(What to work on) Below are the records; extract from them the line containing "Sekcja pozwala na" to the line containing "鞋面上还特别使用许多不规则的线条,来呈现出蜗牛移动的轨迹,营造出区别于传统 Air Max", both lines included, exactly and with no pictures.

(Extracted material)
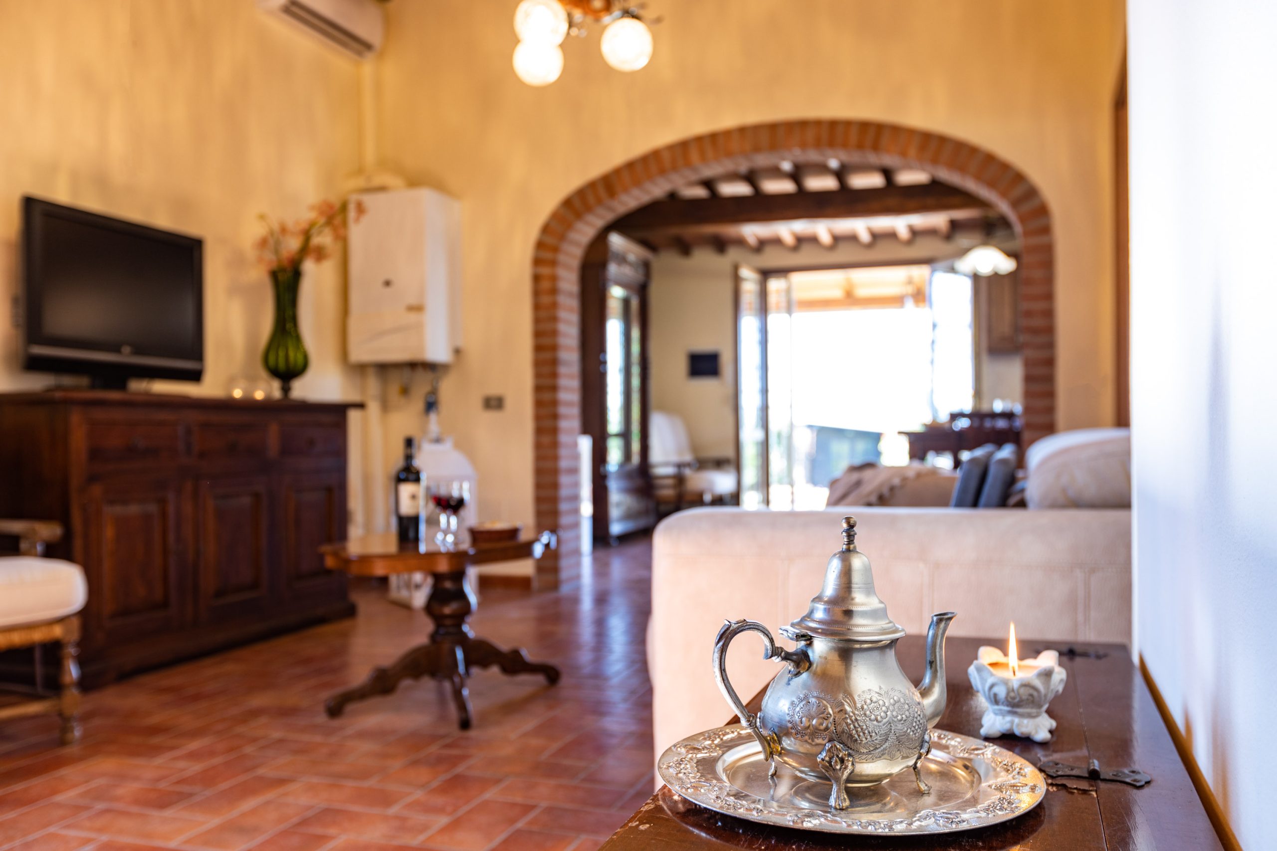 Rustikk og svært innbydende uavhengig villa med et vakkert svømmebasseng (14x6mt), omgitt av oliventrær og en stor hage med panoramautsikt. Består av soverom med dobbeltseng, bad med dusj, stue med velutstyrt kjøkken, satellitt-TV, sovesofa og peis; kan huse opptil 4 personer. Uteområdet er fullstendig inngjerdet og tilbyr et lysthus utstyrt med fluktstoler og solsenger ved bassenget, en uteplass ved siden av huset for å spise utendørs og nyte sommerkveldene. Huset kan nås via en liten grusvei kun 700 meter fra hovedveien, 10 minutter fra FIPILI-motorveien og mindre enn 1 time fra de viktigste byene.
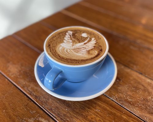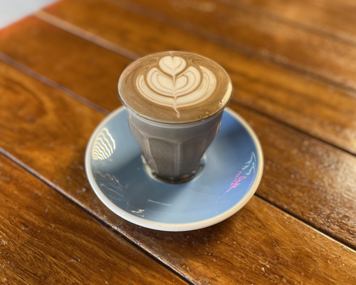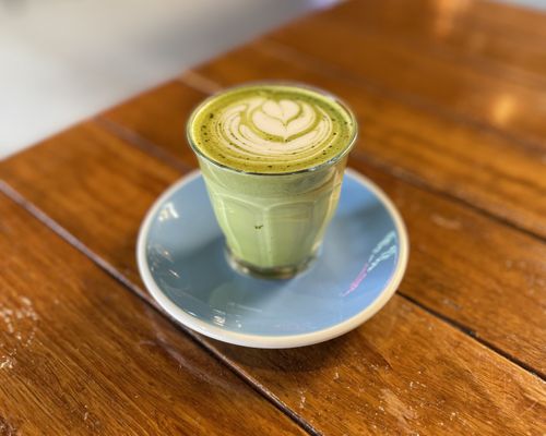 Hojicha latte made with 100% premium roasted green tea from Kyoto, your choice of steamed milk, and naturally sweetened with honey for a smooth, toasty and nutty flavour.
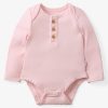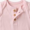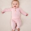 Every wiggle becomes a photo-worthy moment with this baby bodysuit. The Prima Pink Henley Bodysuit is made from durable Soluxe® Bamboo jersey with a snug fit and soothing touch. This adorable newborn bodysuit features lap shoulders for easy dressing and fold-over mittens to protect delicate skin from tiny scratches. Plus. snap closures make diaper changes a breeze. Comes in a bamboo keepsake bag that can double as a gift bag. We love it paired with the Prima Pink Fold-Over Legging!
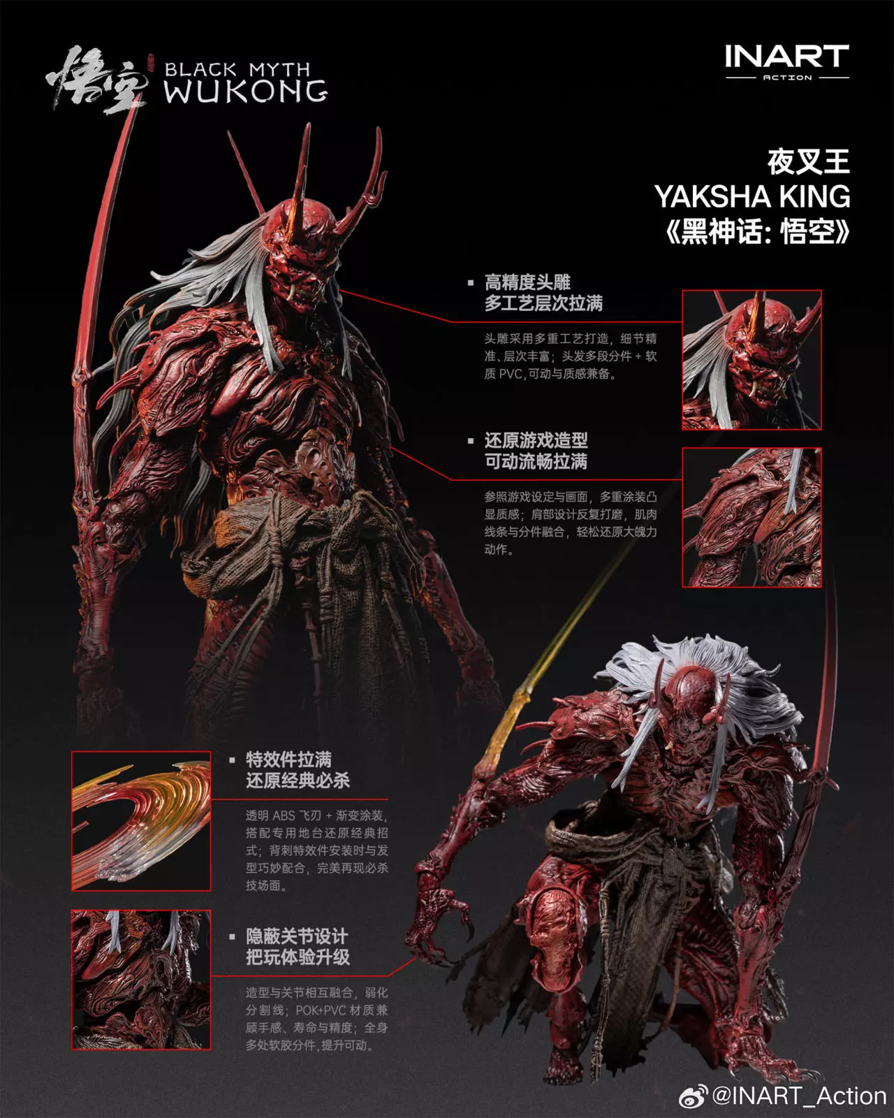 INART ✖《黑神话:悟空》 今日,INART_Action官方宣布,《黑神话:悟空》夜叉王1/12可动人偶将于2026年3月20日正式开启预售。 目前售价暂未公布。
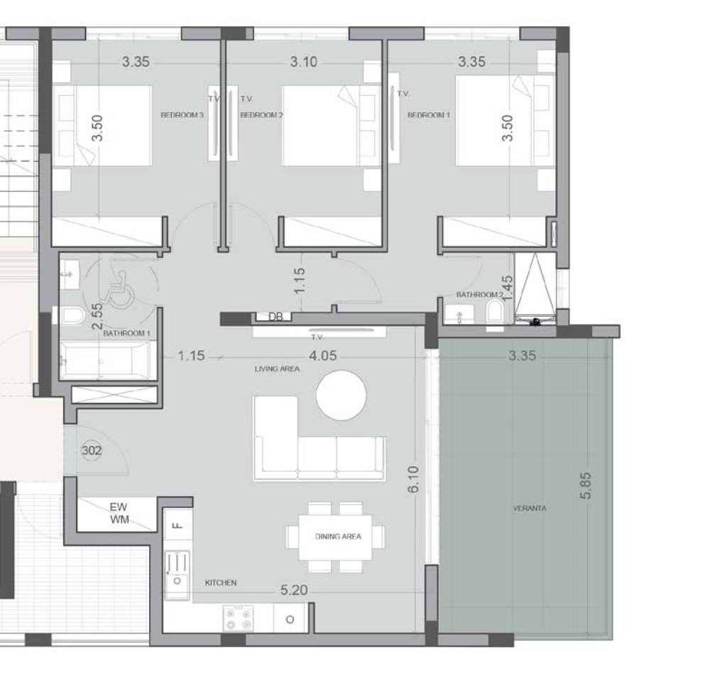 Квартира состоит из кухни открытой планировки, столовой, гостиной, крытой веранды, трёх спален и двух ванных комнат.
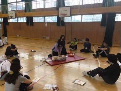 6月6日(木)の放課後、教職員対象に「普通救命法講習会」が実施されました。傷病者への心肺蘇生法、AED(自動除細動器)の使い方をならいました。命を救うためには、救急車を末までの間に、いかに早く心肺蘇生をほどこすことが重要かということを再認識しました。
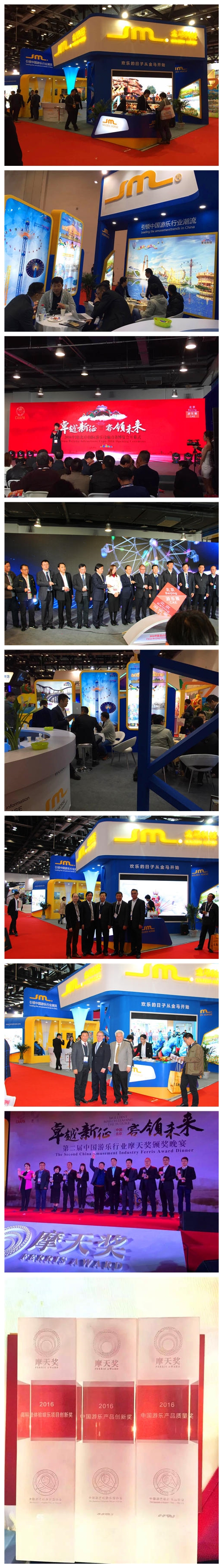 在本屆展會(huì)上,由中國(guó)游藝機(jī)游樂園協(xié)會(huì)及CCTV“品質(zhì)”欄目聯(lián)合頒發(fā)的游樂“摩天獎(jiǎng)”進(jìn)行了揭曉,金馬產(chǎn)品引領(lǐng)中國(guó)游樂行業(yè)潮流,通過(guò)不斷創(chuàng)新,獲得了國(guó)內(nèi)外市場(chǎng)的高度認(rèn)可,在本次頒獎(jiǎng)禮上,公司榮獲“高科技體驗(yàn)娛樂項(xiàng)目創(chuàng)新獎(jiǎng)”、“中國(guó)游樂產(chǎn)品創(chuàng)新獎(jiǎng)”、“中國(guó)游樂產(chǎn)品質(zhì)量獎(jiǎng)”等三項(xiàng)大獎(jiǎng)!
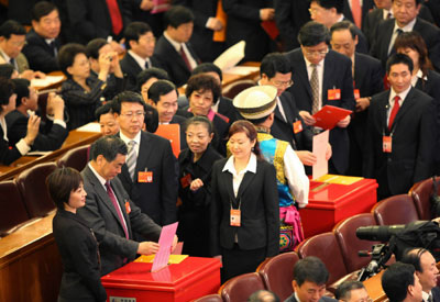 Deputies to the National People's Congress cast their ballots to elect state and legislature leaders in the Great Hall of the People's in Beijiing March 15, 2008. [Xinhua]
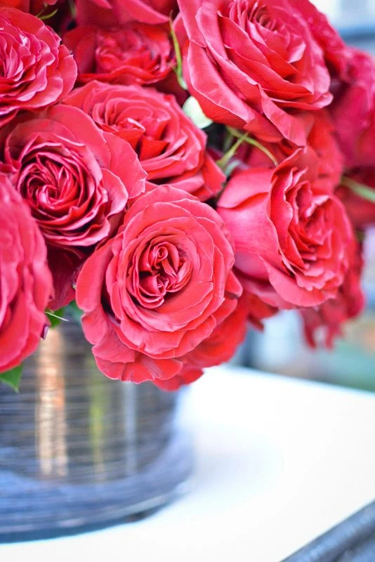 This enchanting design exudes romance and love. One hundred black pearl roses form a luxe pavé, a rose variety which features velvety soft petals and sheen like no other. Natural black midollino sticks line the interior of the 5″ by 12″ custom glass vase, and this arrangement stands at approximately 15″ tall and 25″ wide overall.
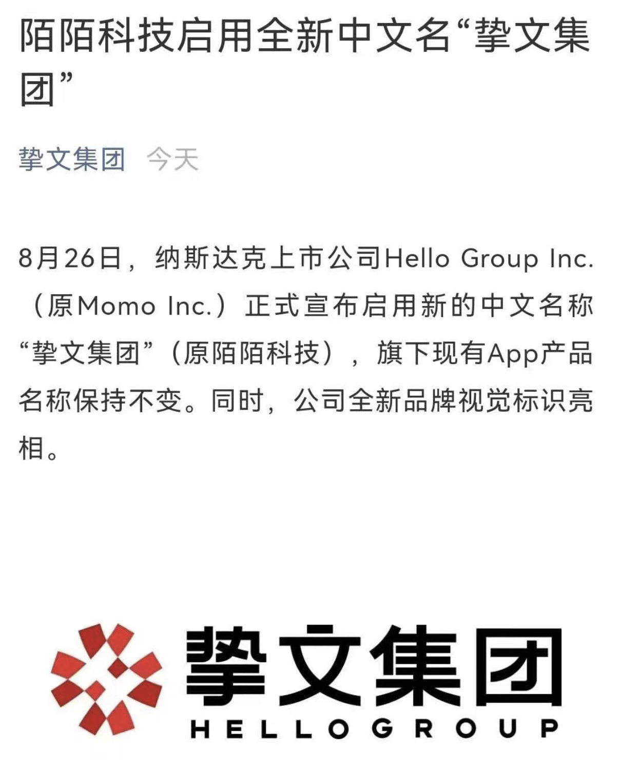 8月26日,纳斯达克上市公司Hello Group Inc.(原Momo Inc.)正式宣布启用新的中文名称“挚文集团”(原陌陌科技),旗下现有App产品名称保持不变。同时,公司全新品牌视觉标识亮相。
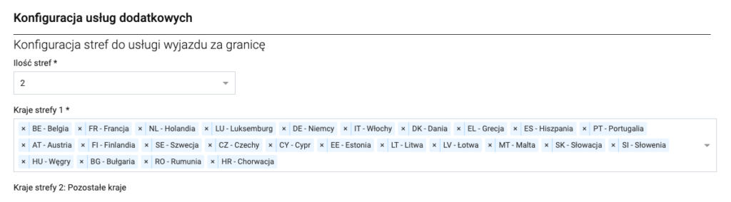 Sekcja pozwala na konfiguracja stref do usługi wyjazdu za granicę. Można tu wybrać ilość stref oraz przypisać do każdej nich odpowiednie kraje.
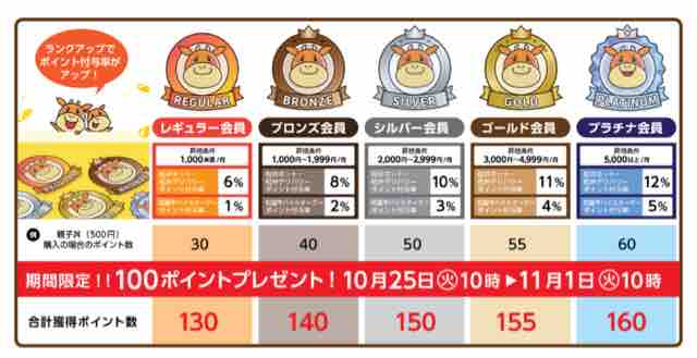 レギュラー会員、ブロンズ会員、シルバー会員、ゴールド会員、プラチナ会員とステージが分かれ、最高のプラチナ会員は昇格条件5,000円以上/月をクリアできれば翌月からなることができるが、松弁ネット・松弁デリバリー・ポイント付与率が12%。松屋モバイルオーダーポイント付与率5%。
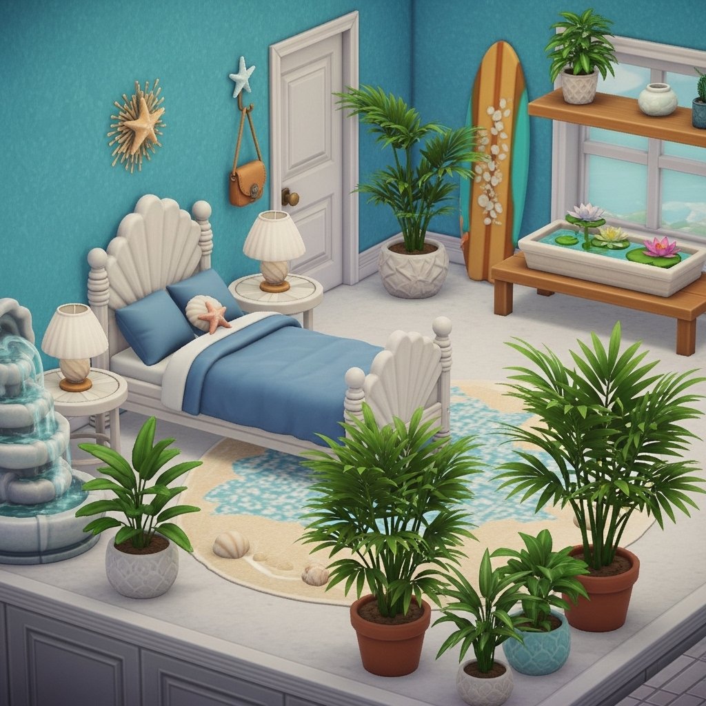 A beach or tropical-themed room brings vacation vibes directly into your ACNH home. Use items like palm trees, beach chairs, and ocean-inspired decorations. Bright colors such as blue, yellow, and white enhance the tropical atmosphere. Adding shells and water-themed items makes the room feel more realistic. This design is perfect for players who want a refreshing and summer-inspired interior.
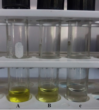 ![]() | Figure 3: Qualitative analysis using ONPG test disc to examine the production of β-galactisidase enzyme by (A) L. plantarum MBTU-HK1, (B) MBTU-HT and (C) Control. [Click here to view] |
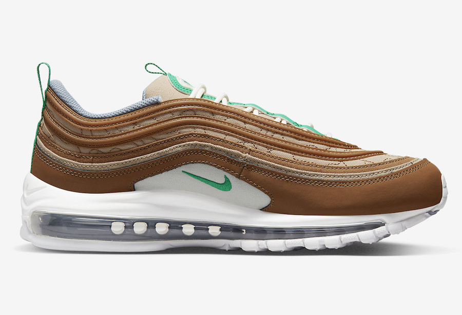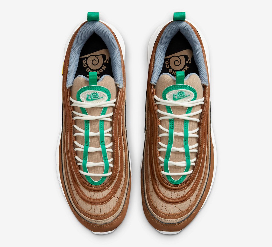 鞋面上还特别使用许多不规则的线条,来呈现出蜗牛移动的轨迹,营造出区别于传统 Air Max 97 简约风格的玩味气质。
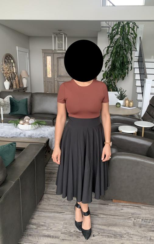 The quality of the fabric is good. It’s smooth and smoothing. Loved the gray color. I usually wear a 12 or L on top. Purchased this in an XL and it is very tight everywhere, across the stomach, chest and shoulders. I’m also only 5’3” and it was pretty short. Could potentially size up, but not sure it’s worth the hassle if it doesn’t fit again since I don’t have a local Macys.

(Output)
 Sekcja pozwala na konfiguracja stref do usługi wyjazdu za granicę. Można tu wybrać ilość stref oraz przypisać do każdej nich odpowiednie kraje.
 レギュラー会員、ブロンズ会員、シルバー会員、ゴールド会員、プラチナ会員とステージが分かれ、最高のプラチナ会員は昇格条件5,000円以上/月をクリアできれば翌月からなることができるが、松弁ネット・松弁デリバリー・ポイント付与率が12%。松屋モバイルオーダーポイント付与率5%。
 A beach or tropical-themed room brings vacation vibes directly into your ACNH home. Use items like palm trees, beach chairs, and ocean-inspired decorations. Bright colors such as blue, yellow, and white enhance the tropical atmosphere. Adding shells and water-themed items makes the room feel more realistic. This design is perfect for players who want a refreshing and summer-inspired interior.
 ![]() | Figure 3: Qualitative analysis using ONPG test disc to examine the production of β-galactisidase enzyme by (A) L. plantarum MBTU-HK1, (B) MBTU-HT and (C) Control. [Click here to view] |
 鞋面上还特别使用许多不规则的线条,来呈现出蜗牛移动的轨迹,营造出区别于传统 Air Max 97 简约风格的玩味气质。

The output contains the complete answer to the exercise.